J. Lee Grady, erstwhile editor of Charisma magazine, is bemoaning the collapse of three "charismatic" Pentecostal churches.
Without Walls International Church in Tampa, Florida, has bit the dust and is looking at foreclosure. At one time, 23,000 folks would show up for worship, but when Randy and Paula White, co-pastors, notified the world that their marriage was on the rocks, the operation began going south. "On Nov. 4 their bank filed foreclosure proceedings and demanded immediate repayment of a $12 million loan on the property."
Up in Georgia, just north of Atlanta, Global Destiny Ministries is also in trouble. Sheriff's deputies showed up at a worship service and told the head honcho, Bishop Thomas Weeks II, to get out.
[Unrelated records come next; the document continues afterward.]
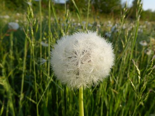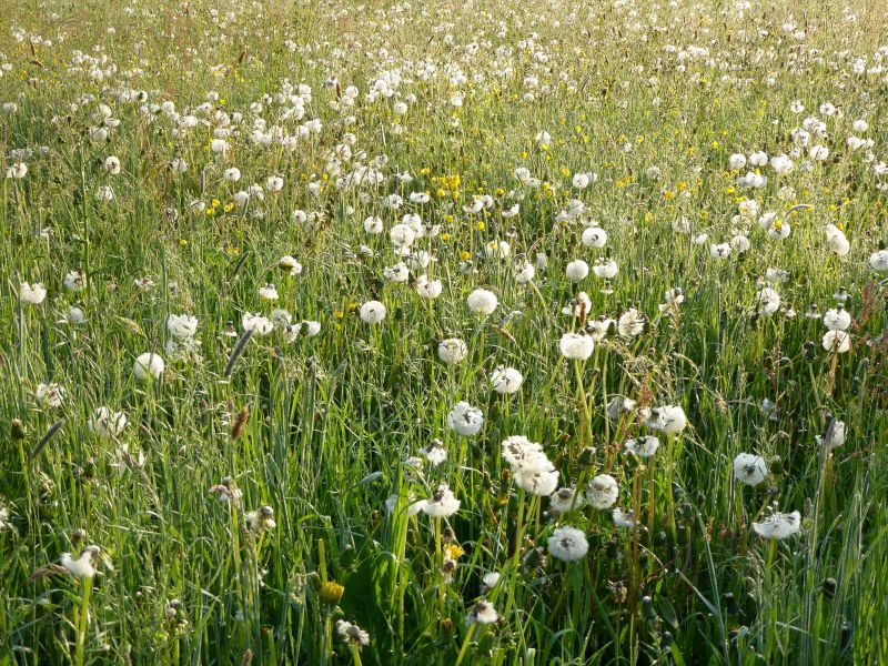 Die Löwenzähne, die letzte Woche noch dicht an dicht blühend das ganze Tal gelb erscheinen ließen, haben Form und Farbe gewechselt.
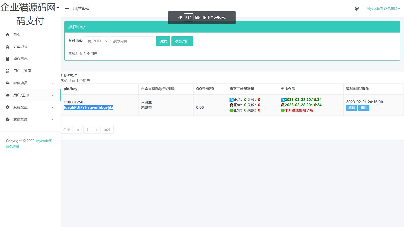 企业猫亲测用户后台源码截图:
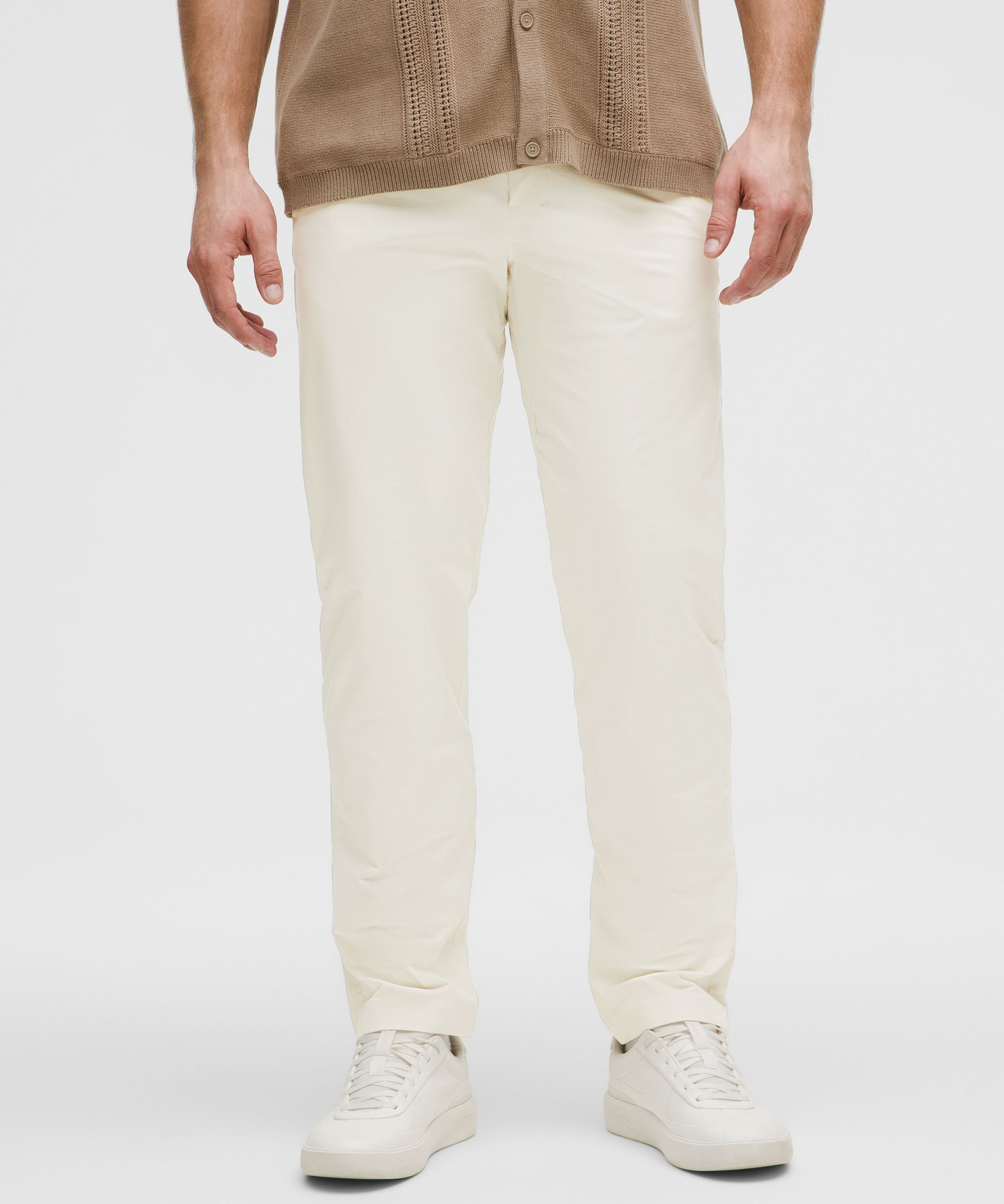 ABC Technology, Anti Stink, Reflective, Pocketed. Designed for Casual. Streamlined fit that gives glutes and thighs breathing room. Our ABC™ (Anti-Ball-Crushing) technology uses an ergonomic gusset to remove tension from the crotch of our pants so you can move in comfort. These classic-fit trousers deliver all-day comfort with an elevated look. | lululemon – Men’s ABC Classic-Fit Trousers 8L Stretch Cotton VersaTwill – Color White – Size 8
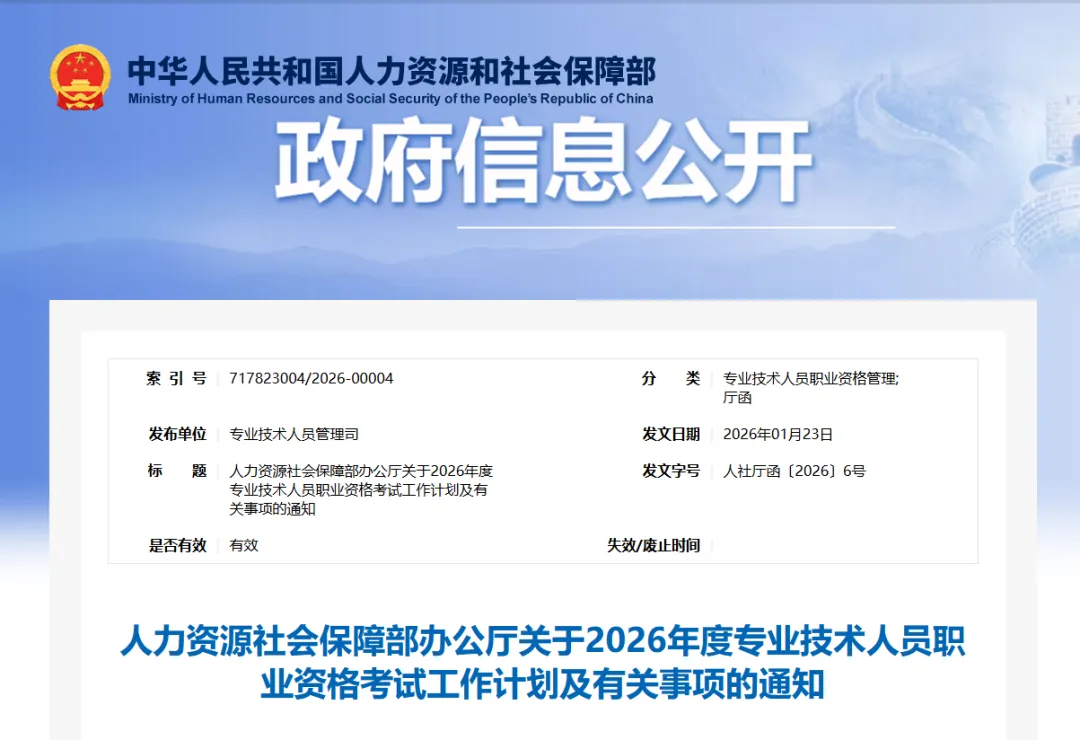 近日,人社部发布了2026年度专业技术人员资格考试时间,赶快来看看吧~
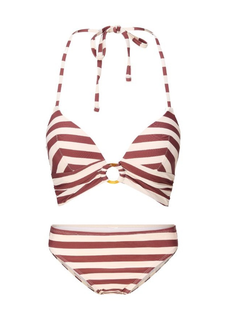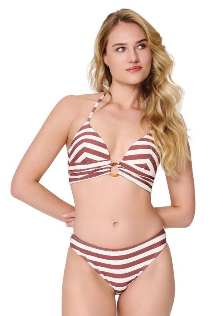 Elegantní a pohodlný dvoudílný bikini set LingaDore je perfektní volba pro stylovou letní dovolenou i den u bazénu. Tento model kombinuje moderní design s komfortem, takže se v něm budeš cítit sebevědomě a lehce. Košíčkový střih s vycpávkami a kosticí pro podporu a pěkný tvar poprsí. Elegantní ozdoba ve tvaru kruhu mezi košíčky přidává plavkám ženský „look“. Kalhotky jsou klasického střihu. Materiál je pružný a příjemný na těle, ideální na pláž i do vody. Plavky jsou celé podšité rychleschnoucí látkou. Plavky se prodávají jako celek.
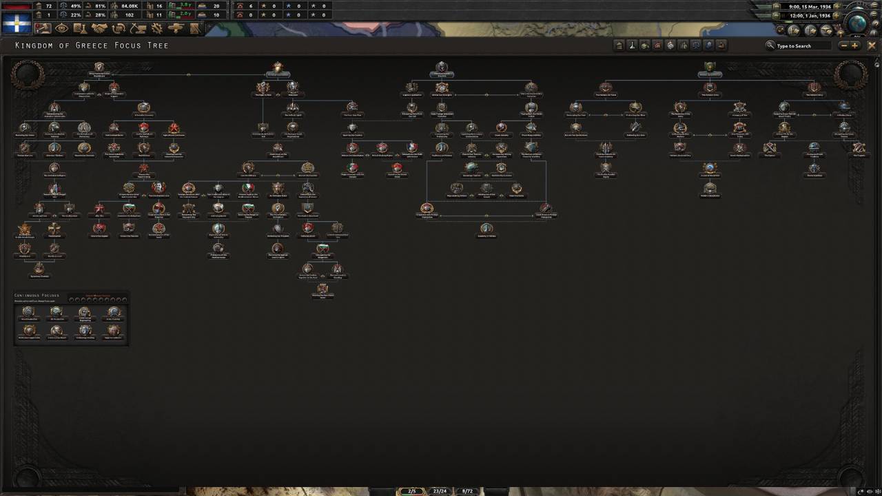 - Drzewko skupienia narodowego dla Grecji: Ożywiona podziałami politycznymi, grecka neutralność jest utrzymywana przez kontrowersyjnego Metaxasa. Zbuduj silne relacje z aliantami pod przewodnictwem króla Jerzego II, podążaj za arcykonserwatystami w kierunku faszyzmu lub przywróć chwałę greckiego imperium na wschodzie.

Last June, Weeks divorced his wife, Juanita Bynum. Now the church is $511,000 behind in its rent.
Also in Georgia, the Atlanta congregation of the Cathedral at Chapel Hill has put their church up for sale. "The massive Gothic building--which at one time housed one of the nation's most celebrated charismatic churches, with a membership of 10,000-has slipped into disrepair after lurid sex scandals triggered a mass exodus. The church's founder, Bishop Earl Paulk, has turned the 6,000-seat church (valued at $24.5 million) over to his son, Donnie Earl, who in recent years has abandoned orthodox Christian doctrines, and embraced universalism."
All of this signifies a "Charismatic" meltdown, says Grady. He asks "How did a movement that was at one time focused on winning people to Christ and introducing them to the power of the Holy Spirit end in such disgrace?"
He probably knows the answer.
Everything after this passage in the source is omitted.